Primers GB371 and MAG149 had the highest polymorphic value of eight alleles/primer. Polymorphism varied for different markers, ranged from 16.667% to 100%, however the majority of primers were highly polymorphic. This divergence may be due to the diversification of varieties and the choice of SSR primers with high allele number per locus, from previous investigations of barley genotypes (Table 2). The considerable number of the detectable and polymorphic fragments might be expected to the number of GC of the primers utilized in this research. The distinction in the number of bands amplified by different primers is influenced by several factors such as primer sequence and less number of annealing sites in the genome (Tahir, 2014).

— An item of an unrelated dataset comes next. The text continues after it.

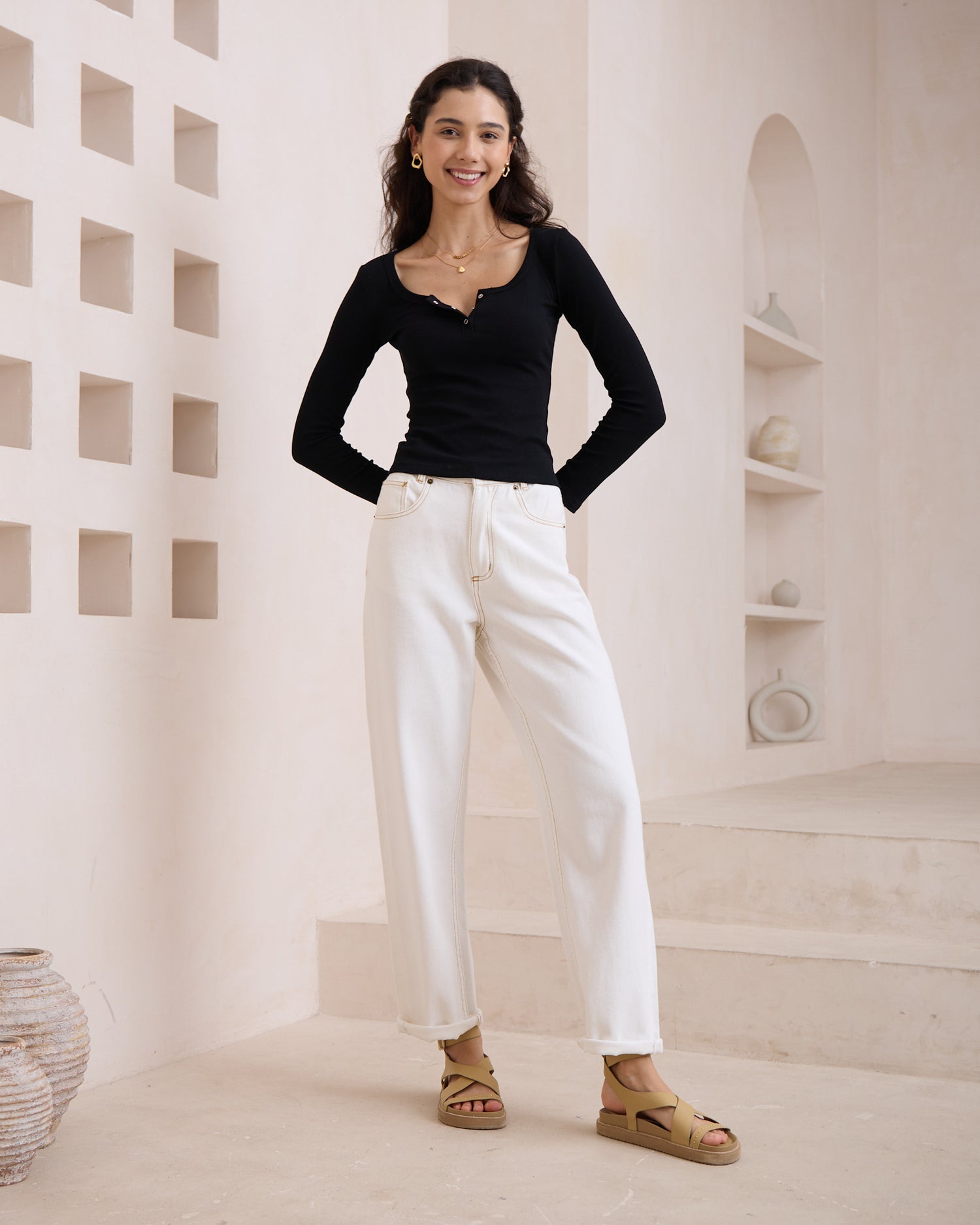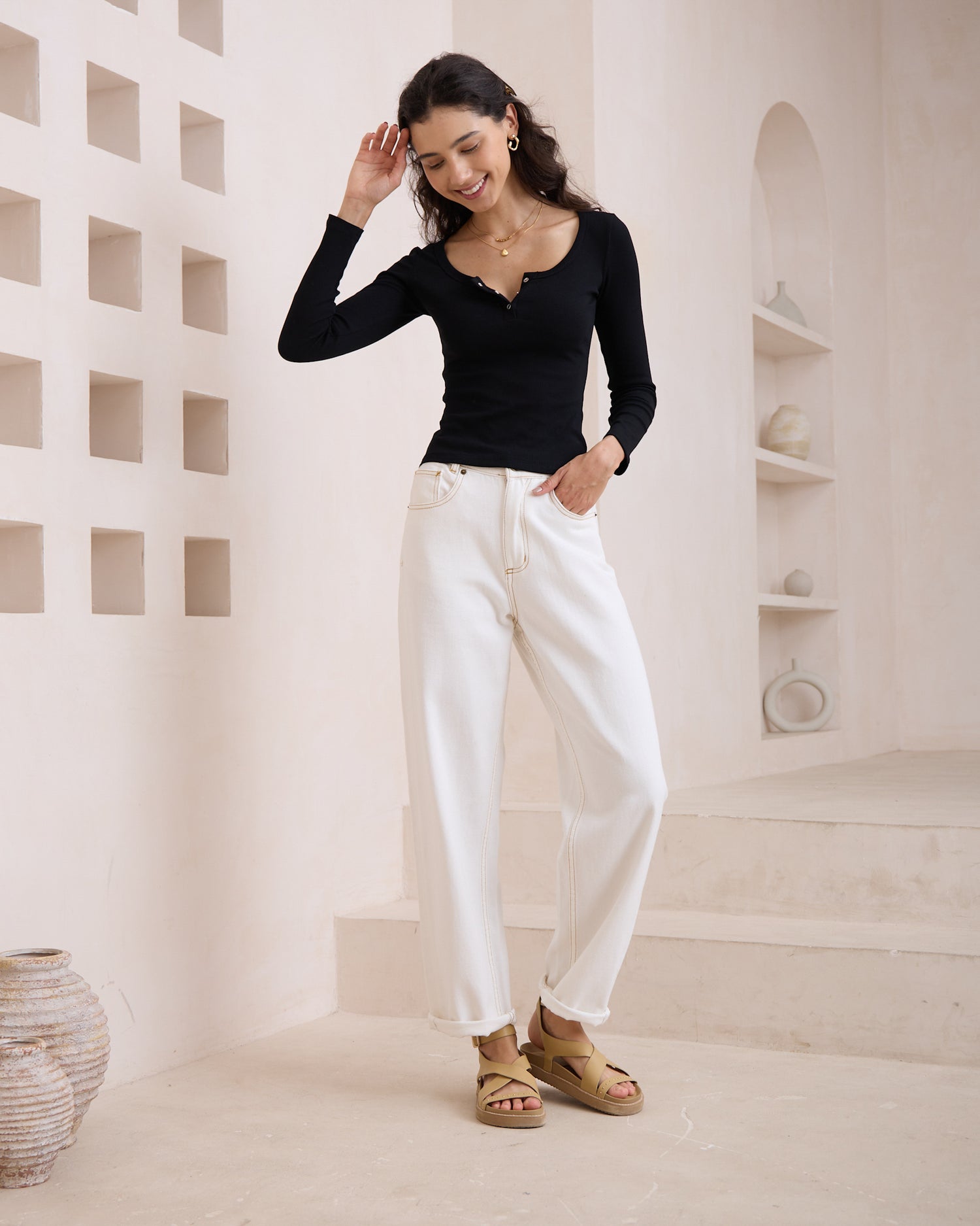 Ada Black Ribbed Long Sleeve Top

The amplified alleles had different sizes, ranging from 80bp-1200bp. The highest major allele frequency (0.813) was obtained from SSR markers 25RACT and MAG210, while the minimum value of 0.125 was obtained from SSR marker VB23D. Gene diversity was expressed reversely to the allele frequency. It means VB23D marker is more specified with common alleles rather than rare alleles in the population of barley under study and the population has not reached the allelic saturation yet (Greenbaum et al., 2014). High values of gene diversity and PIC rate for this marker indicating the informative power of VB23D marker for studying the genetic diversity and population structure of barley crop. Same pattern was realized for the gene diversity of this DNA marker, giving less differentiation power (Gougerdchi et al., 2014). Genetic diversity was estimated, using SSR markers for barley genotypes. The average gene diversity for the entire samples set was found to be 0.571, with a range of 0.305 for marker MAG210 to 0.828 for MAG149 (Table 3). The broad range of gene diversity among barley genotypes, based on the SSR markers used, might be a source of the different genetic resources in barley, such as landraces, advanced breeding lines, cultivars. PIC of SSR markers is able to discriminate genotypes and evaluate the level of gene variation, which mostly depend on the allelic diversity. PIC values of > 0.889 and < 0.258 here indicate the loci with high and low diversity, respectively. Number of genotypes and the efficiency of markers for detecting alleles are relatively determine the PIC values. The PIC mean value was 0.513 which slightly higher than PIC value of 0.36 by Elakhdar et al. (2016b), and lower than PIC value of 0.54 by Pasam et al. (2014).
Transferability of SSR markers has been reported previously across species and genera of the insects (Weng et al., 2007) and plant species themselves (Ahmad, 2013), while according to our knowledge no transferable common marker has been realized between insect and plant species before, since we have assured non contamination of barley genotypes with any genomic DNA of Mayetiola hordei. This attempt had a reasonable result of amplification and polymorphism detection in the current study by using the SSR primer (MhA6) from barley stem gall midge (Mayetiola hordei). Four alleles were amplified having 50% of polymorphism among the barley genotypes.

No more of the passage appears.